* [WHAT IS BEING ASKED]:
Although pictures appear in the entries below, leave them out and print exactly the lines from the first line through the line containing "Outfits with Pockets".

**** THE DATA ****

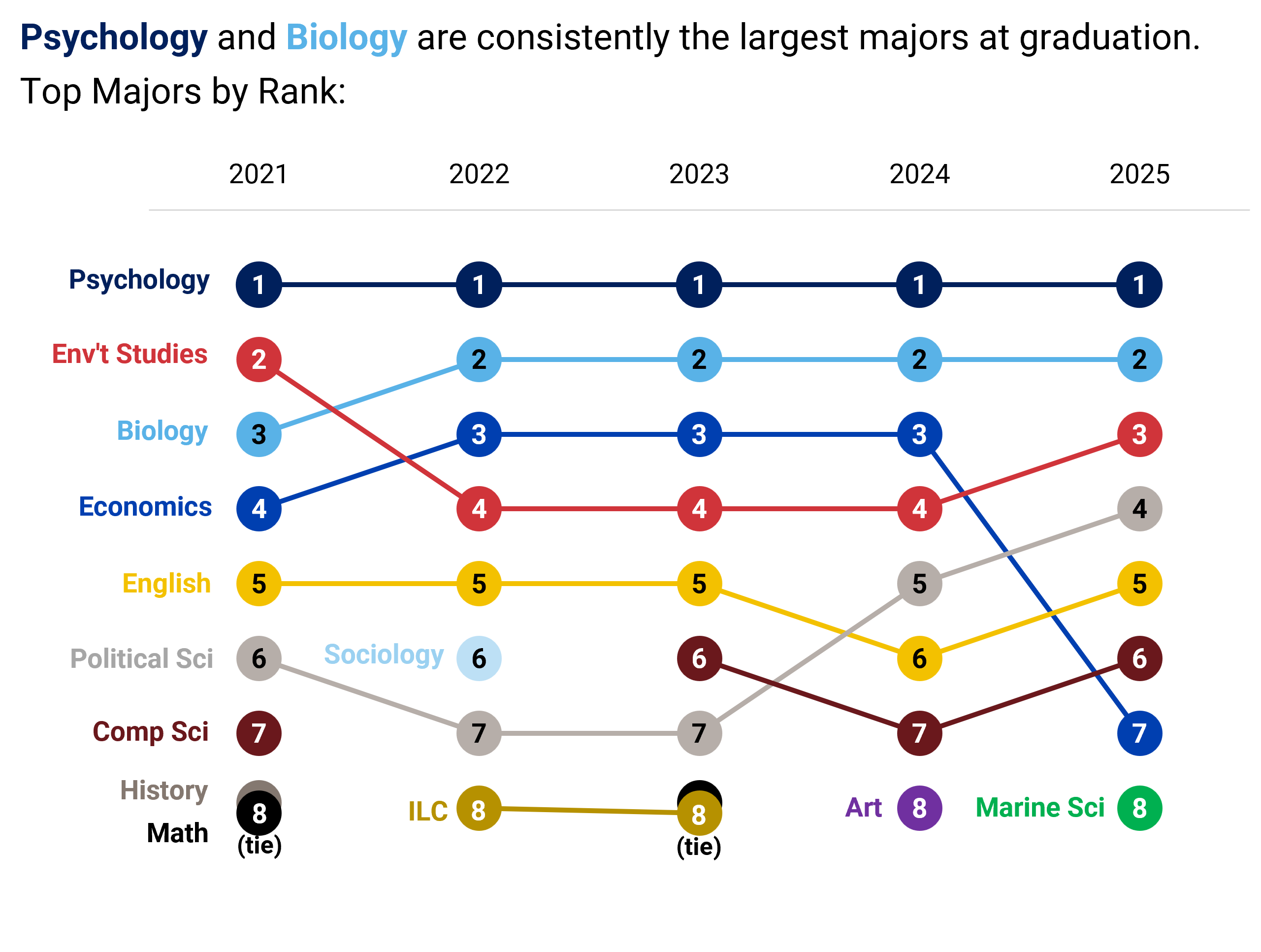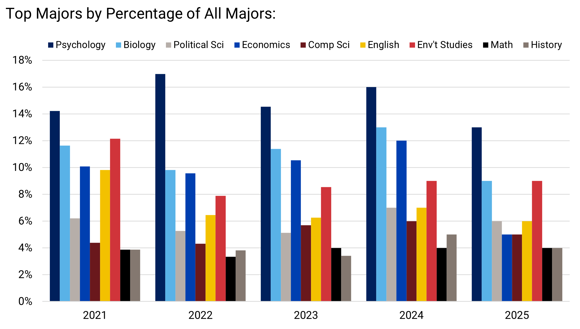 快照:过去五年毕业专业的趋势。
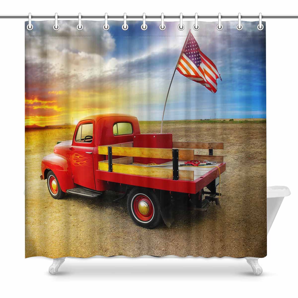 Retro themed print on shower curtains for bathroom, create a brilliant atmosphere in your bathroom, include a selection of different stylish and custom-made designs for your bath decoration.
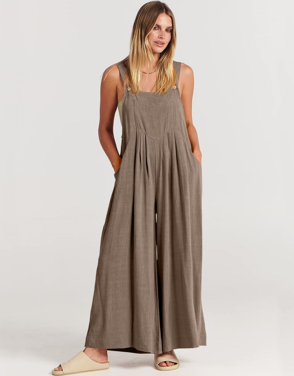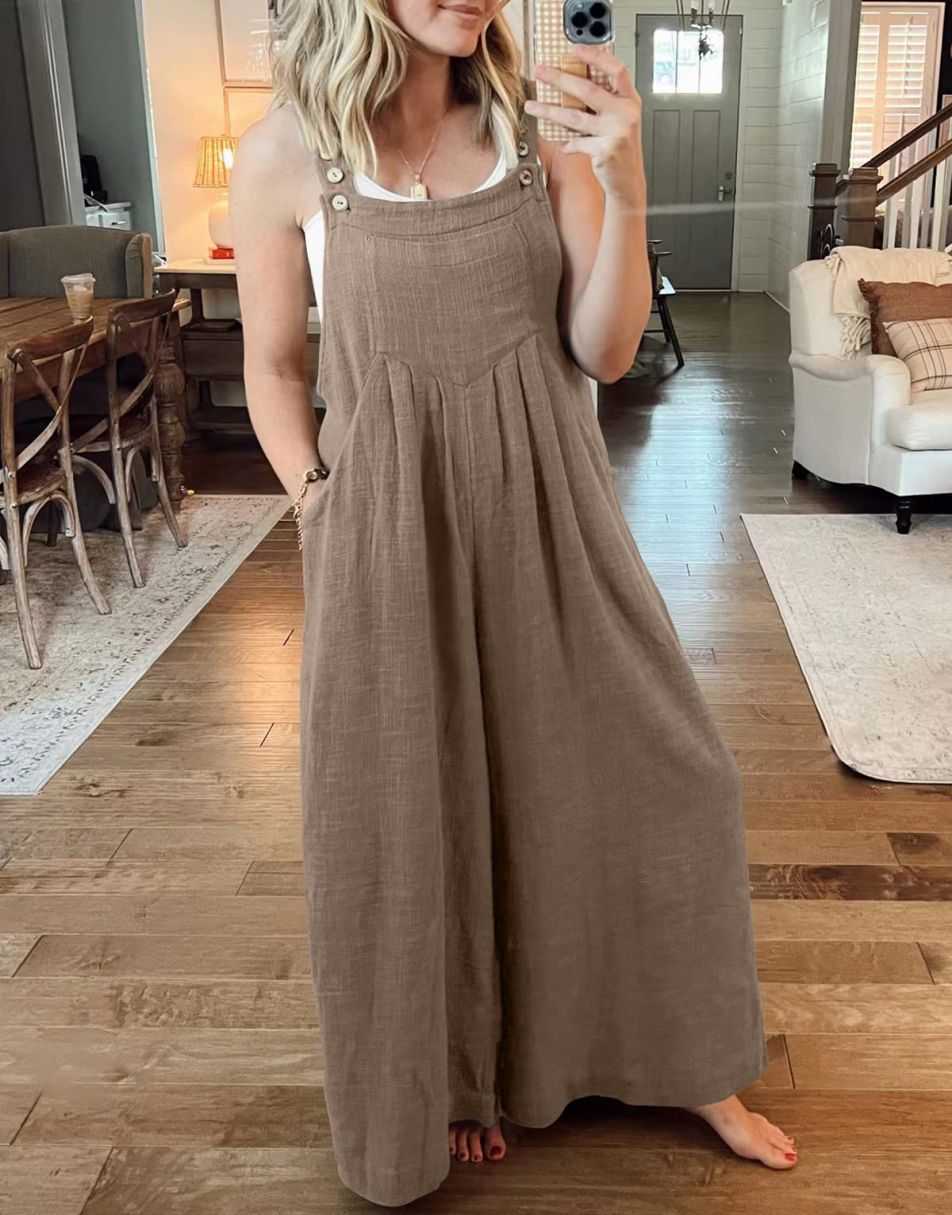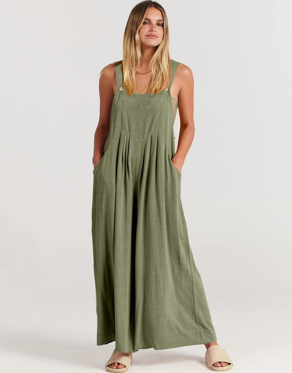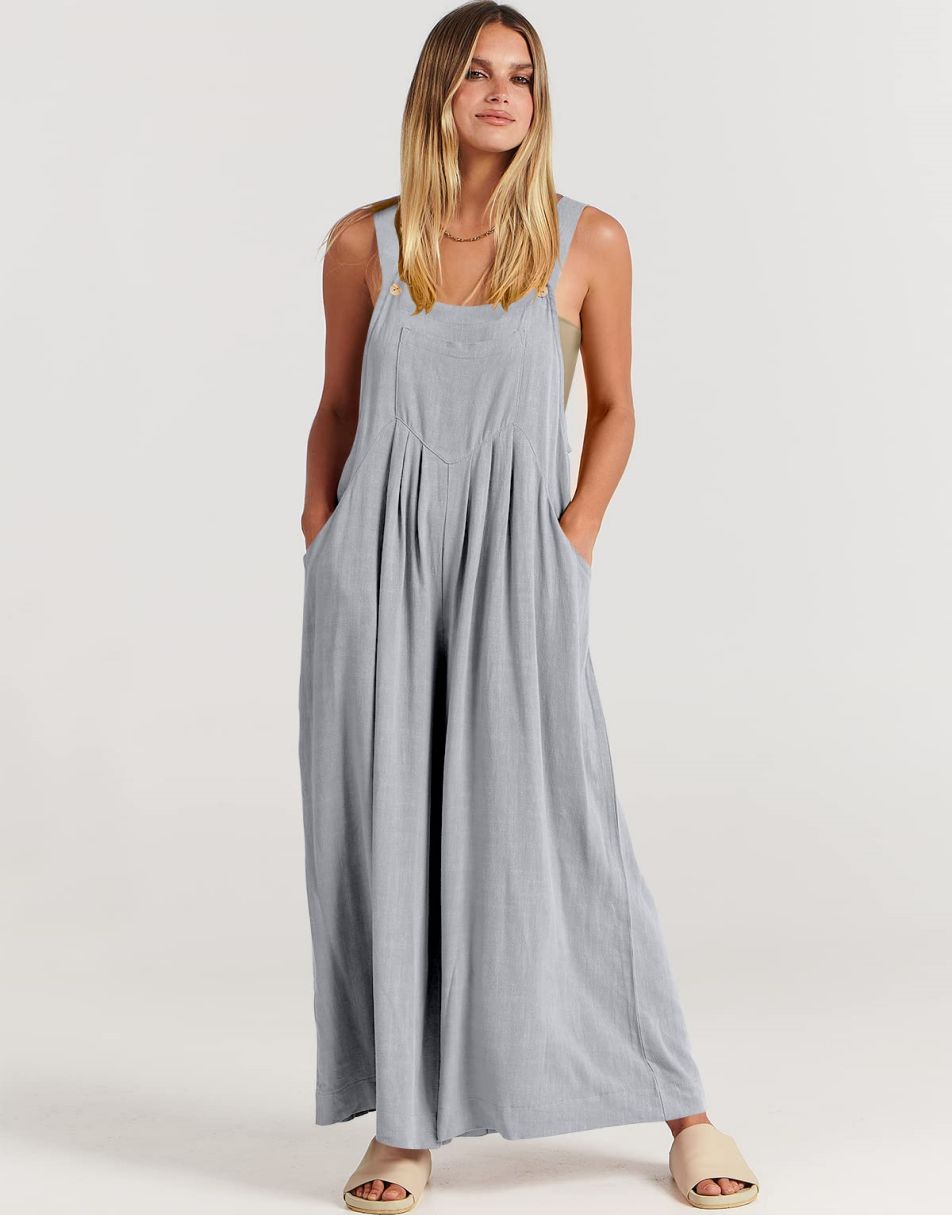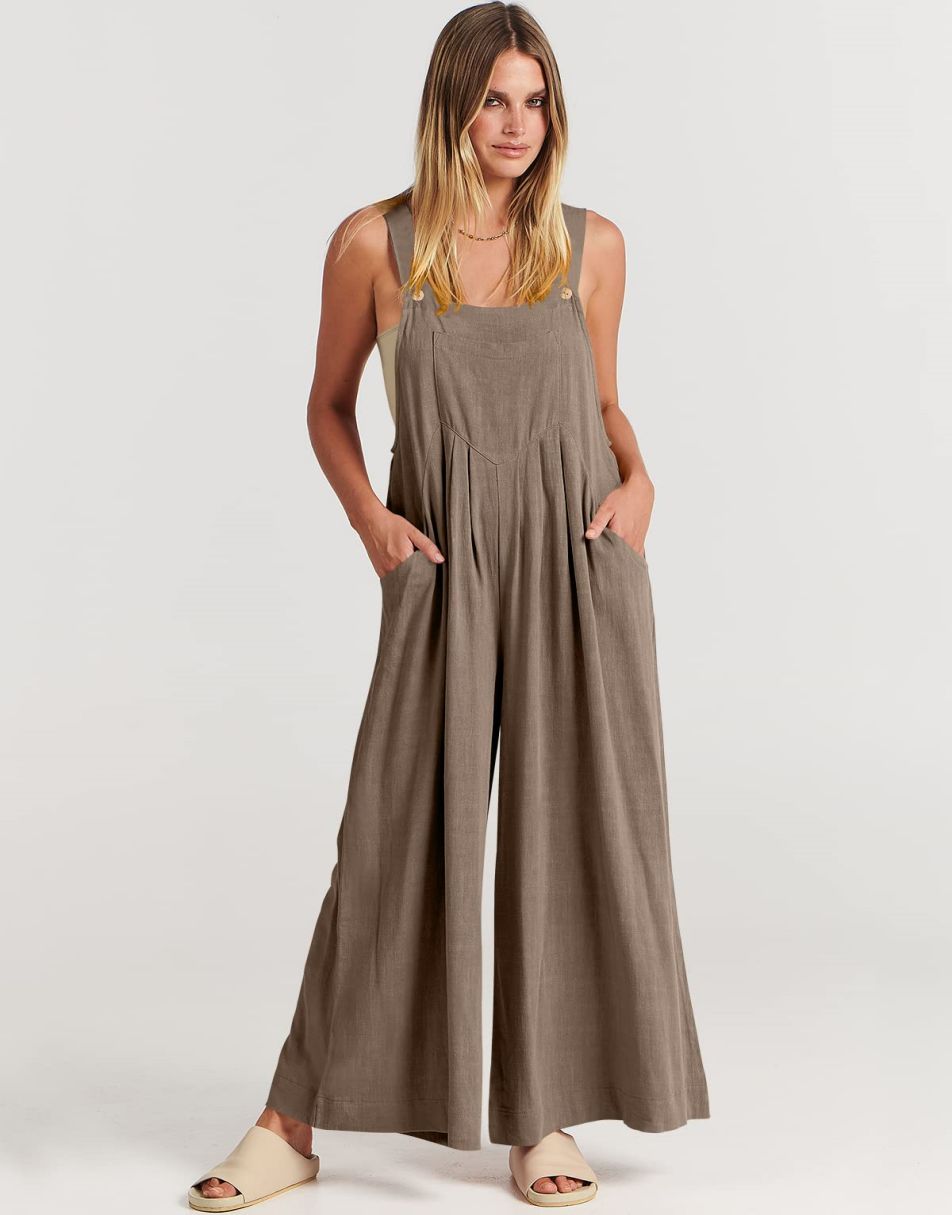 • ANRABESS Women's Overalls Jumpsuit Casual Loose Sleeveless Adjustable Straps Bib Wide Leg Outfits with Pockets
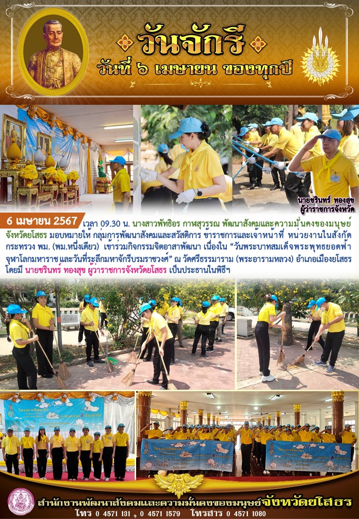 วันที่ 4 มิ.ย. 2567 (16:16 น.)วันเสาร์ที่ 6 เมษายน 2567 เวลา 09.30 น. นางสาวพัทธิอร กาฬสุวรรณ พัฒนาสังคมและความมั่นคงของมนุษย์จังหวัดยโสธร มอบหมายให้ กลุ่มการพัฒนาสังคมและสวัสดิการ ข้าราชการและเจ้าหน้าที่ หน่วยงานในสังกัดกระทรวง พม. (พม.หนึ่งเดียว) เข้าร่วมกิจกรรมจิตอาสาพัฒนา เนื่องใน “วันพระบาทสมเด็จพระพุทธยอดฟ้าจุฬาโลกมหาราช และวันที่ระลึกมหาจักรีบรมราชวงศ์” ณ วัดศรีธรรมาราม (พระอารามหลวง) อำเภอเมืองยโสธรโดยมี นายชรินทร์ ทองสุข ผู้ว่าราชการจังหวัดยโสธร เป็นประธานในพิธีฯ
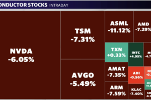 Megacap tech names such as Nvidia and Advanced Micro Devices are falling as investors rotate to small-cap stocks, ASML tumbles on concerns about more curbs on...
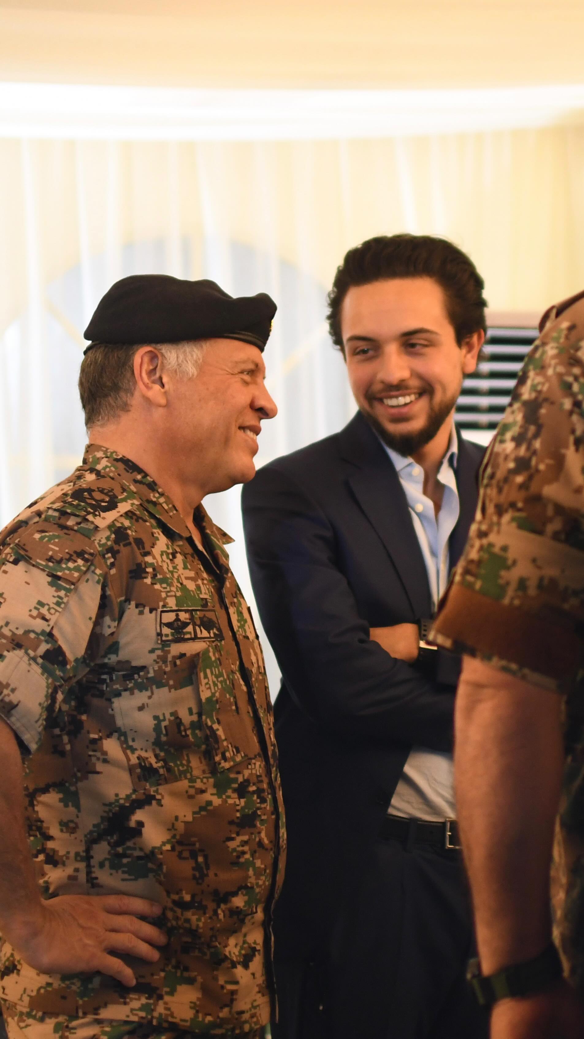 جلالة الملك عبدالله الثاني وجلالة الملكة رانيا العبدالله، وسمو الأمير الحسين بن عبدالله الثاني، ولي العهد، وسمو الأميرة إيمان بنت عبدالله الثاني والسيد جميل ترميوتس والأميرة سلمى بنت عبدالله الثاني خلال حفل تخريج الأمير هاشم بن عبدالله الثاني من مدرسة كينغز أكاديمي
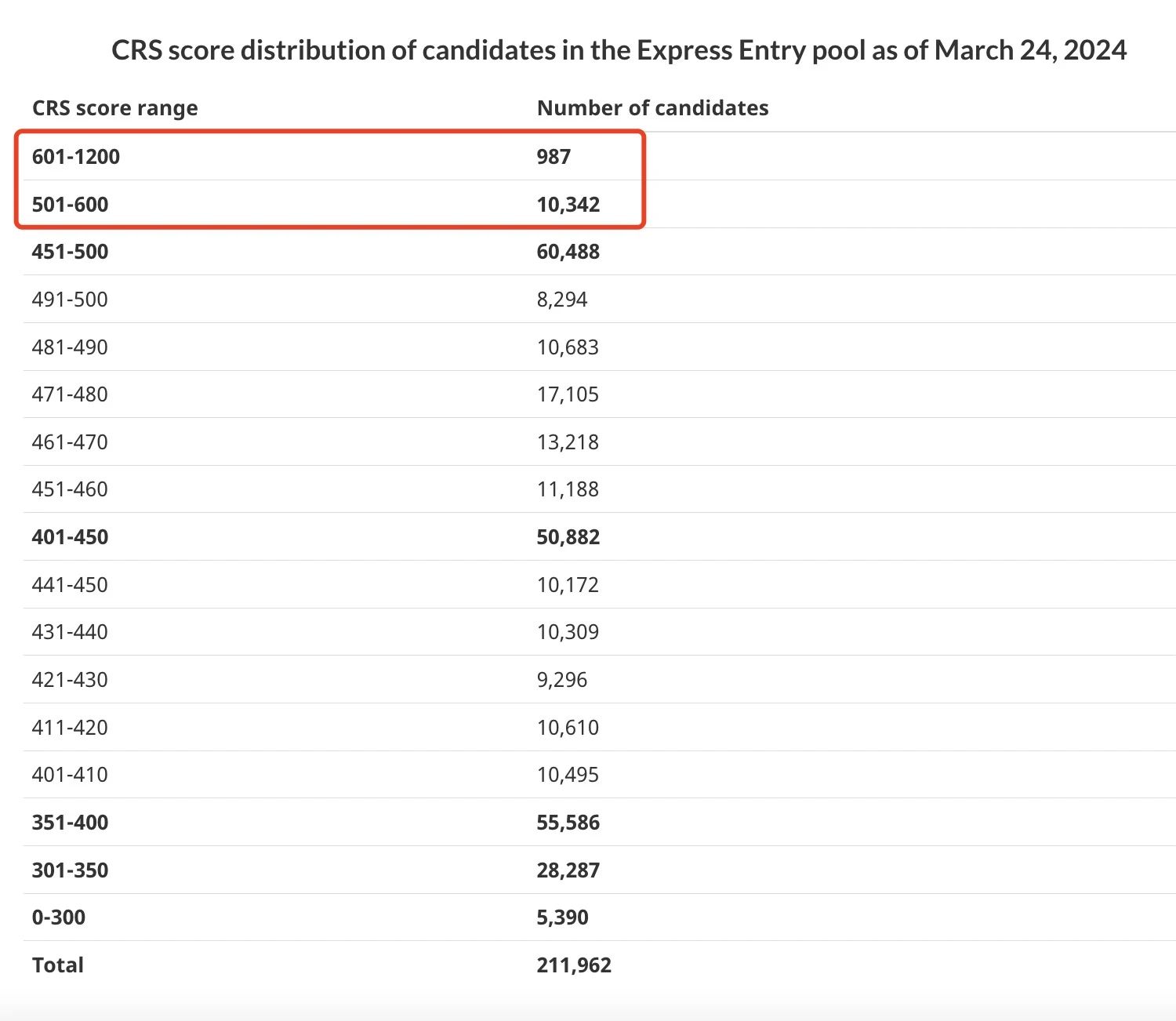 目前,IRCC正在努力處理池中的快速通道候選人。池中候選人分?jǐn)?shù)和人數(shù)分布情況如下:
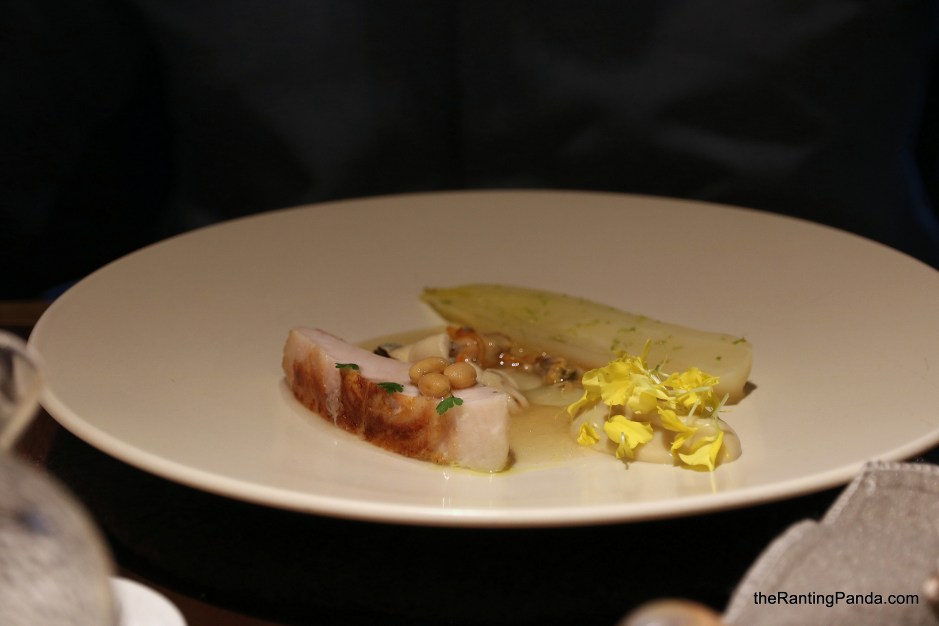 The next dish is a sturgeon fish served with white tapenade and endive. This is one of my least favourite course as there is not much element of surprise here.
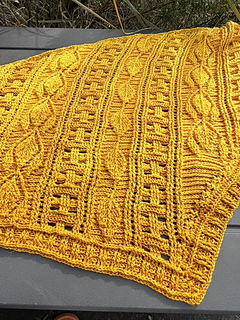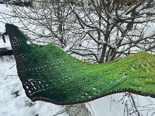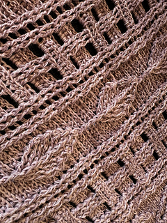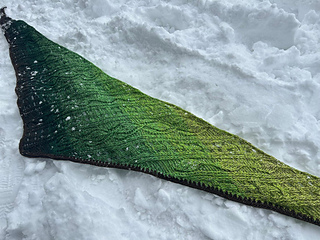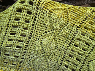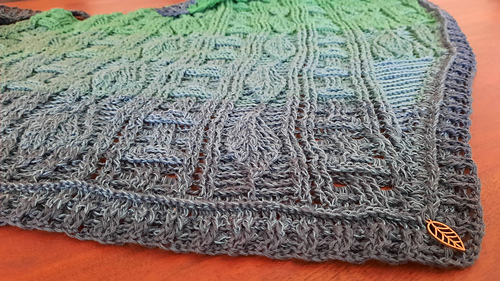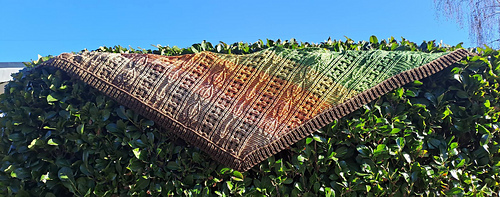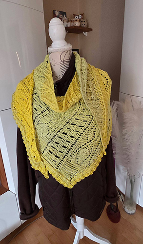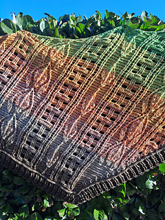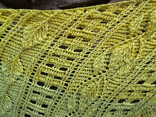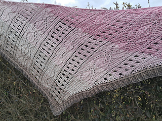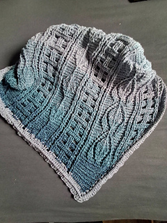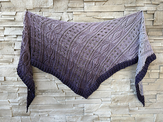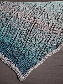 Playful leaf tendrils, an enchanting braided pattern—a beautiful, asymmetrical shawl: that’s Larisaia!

****

* [RESULT]:
 快照:过去五年毕业专业的趋势。
 Retro themed print on shower curtains for bathroom, create a brilliant atmosphere in your bathroom, include a selection of different stylish and custom-made designs for your bath decoration.
 • ANRABESS Women's Overalls Jumpsuit Casual Loose Sleeveless Adjustable Straps Bib Wide Leg Outfits with Pockets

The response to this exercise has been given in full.